Meredith had been there.

Meredith.

Her mom.

She could picture her. Honey-haired and full of energy. Mom had soft hands, which her own resembled more with every passing year, and she would grab her face with a palm on each cheek to plant kisses on her forehead.

Oh, how she loved her mom. Mom was the sun, and she the helpless planet caught in her orbit. She would have danced circles around her her whole life.

Mom had a big toothy grin across her face. When Mom smiled hard—and she always did—you could see her gums at the top real easy.

But Mom’s smile faltered when Vic cut herself. One fast slice and blood. She’d cut deep. Mom ran across the kitchen and pressed a towel into the cut to stop the bleeding. Mom held it, hard, saying I’m sorry darling over and over.

She remembered crying. Not hers, she didn’t think. These were someone else’s sobs.

It was Henry crying.

Henry.

He was little then, too. Even smaller than she was, in a high chair on the other side of the kitchen. Kicking little tyrant feet and screaming.

He cried when he saw the blood, or maybe his sister’s reaction to it. She was scared and in pain and it frightened him.

She realized that she didn’t want to scare him. She had to act brave so Henry wouldn’t be scared. She was learning then, little as she was, how to behave.

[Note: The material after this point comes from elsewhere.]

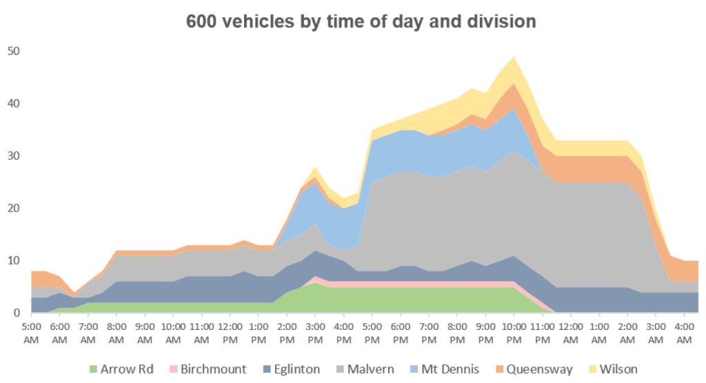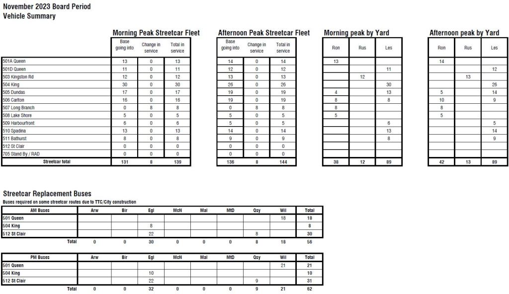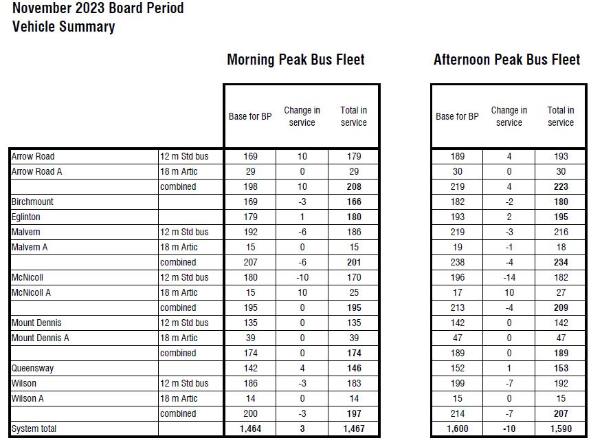 Note that the 2020 data below are the planned levels, while the total cited above is the actual value. The streetcar numbers look odd. The peak streetcar count in 2020 was over 160, but it now sits around 140. I will chase this discrepancy with the TTC.

When she got scared, Henry got scared.

She had to stop.

She couldn’t be scared, and she couldn’t be in pain. She needed to make Henry stop crying. She could handle a little cut like this, couldn’t she?

“Wic!” he called, because he couldn’t wrap his tongue around the vee sound yet.

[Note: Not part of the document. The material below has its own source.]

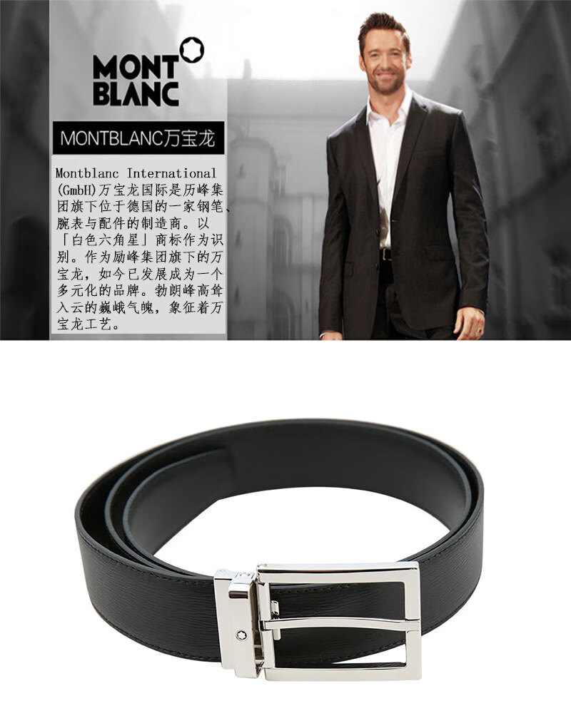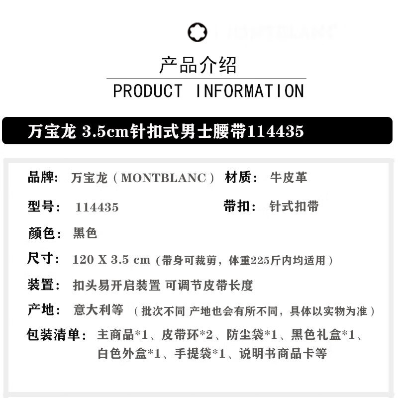 万宝龙(MONTBLANC)针式扣带黑色男士商务皮带/腰带 宽3.5cm 黑色114435
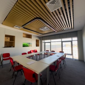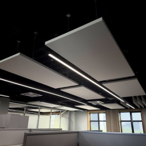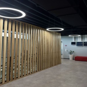 - Произвели и смонтировали акустические острова и баффлы — теперь в офисе не только красиво, но и тихо

“Wic!” he wailed from his plastic throne.

Because that was her name, Vic, and he couldn’t stand to see her hurt.

He screamed loud and shrill until she went to him and wrapped her uninjured hand around his pudgy baby one and smiled.

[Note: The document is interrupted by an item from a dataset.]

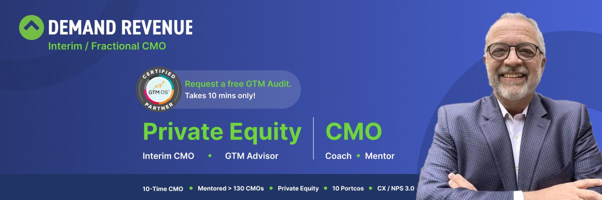 The 11-time #CMO Preferred by #PrivateEquity ■ 150+ CMO Coach ■ Ignite Growth @SaaS & Enterprise Software + #Health Tech ■ #FractionalCMO ■ #InterimCMO ■

“It’s okay, Henry. See?” Vic held up her towel-wrapped hand. “I’m okay.”

He smiled a gap-toothed grin at her, and she was okay. That time, she was.

But Vic wasn’t so sure anymore, as the past came back to her, that she would ever be okay again. And the more she remembered, the more certain she became. The castle. Leaving. The monster in the woods. Blood in the snow. Her blood.

It was all over. It was done. She tried to protect Henry, and she failed. She lost it all to the thing in the forest, to the Order, to the Brotherhood, to a world she didn’t understand.

Despair as thick as smoke clogged her throat.

How dare they take that from her?

Henry and her life and everything that made her unique. Everything irreplaceable, unrepeatable, about the life she’d lived.

How dare they?

It was hers.

They couldn’t have it.

Rage choked her.

Vic threw her hands against the floor. Again, again she pummeled it, until she realized that it was not solid. It was the same vapor that was filling her lungs, woven into a tight structure.

She started pulling at it. Grabbing handfuls of strings and tearing them out, as if she could dig herself free of this cage if she gathered enough of it in her hands.

She tore bits and pieces apart and cast them aside as they came undone in her palms. A threadbare blanket of ash fell in front of her.

She pushed her body through the hole she’d torn.

Inside it was darker, like the strings pulled tighter around one another. She was going deeper, not climbing out.

She pushed forward into complete darkness.

Her mouth opened on a breathless gasp.

Someone was here with her.

She felt the presence before she saw it.

The outline of a person sat in the darkness, their edges visible only because they were made of a different material than the wispy smoke surrounding them. Darker, solid. Another bug caught in the web.

When Vic pulled back in surprise, so did they. Vic watched, waiting for the stranger to do something, to move, to attack. They did nothing but sit still, waiting for her, in turn, to do the same. When she leaned forward, the other person leaned in toward her.

And they were eye to eye, inches from each other in the gloom.

A pair of red-rimmed irises stared back at her through the darkness.

Two points of light, the color of blood but twice as angry, trained on Vic’s face.

She screamed. But there was no air to make a sound.

The thing moved backward from her as the shape of its face lengthened on the bottom, its mouth falling open like it, too, was screaming. Its horror a mirror to hers.

Vic heard nothing, only watched the thing as it watched her, screaming in the dark.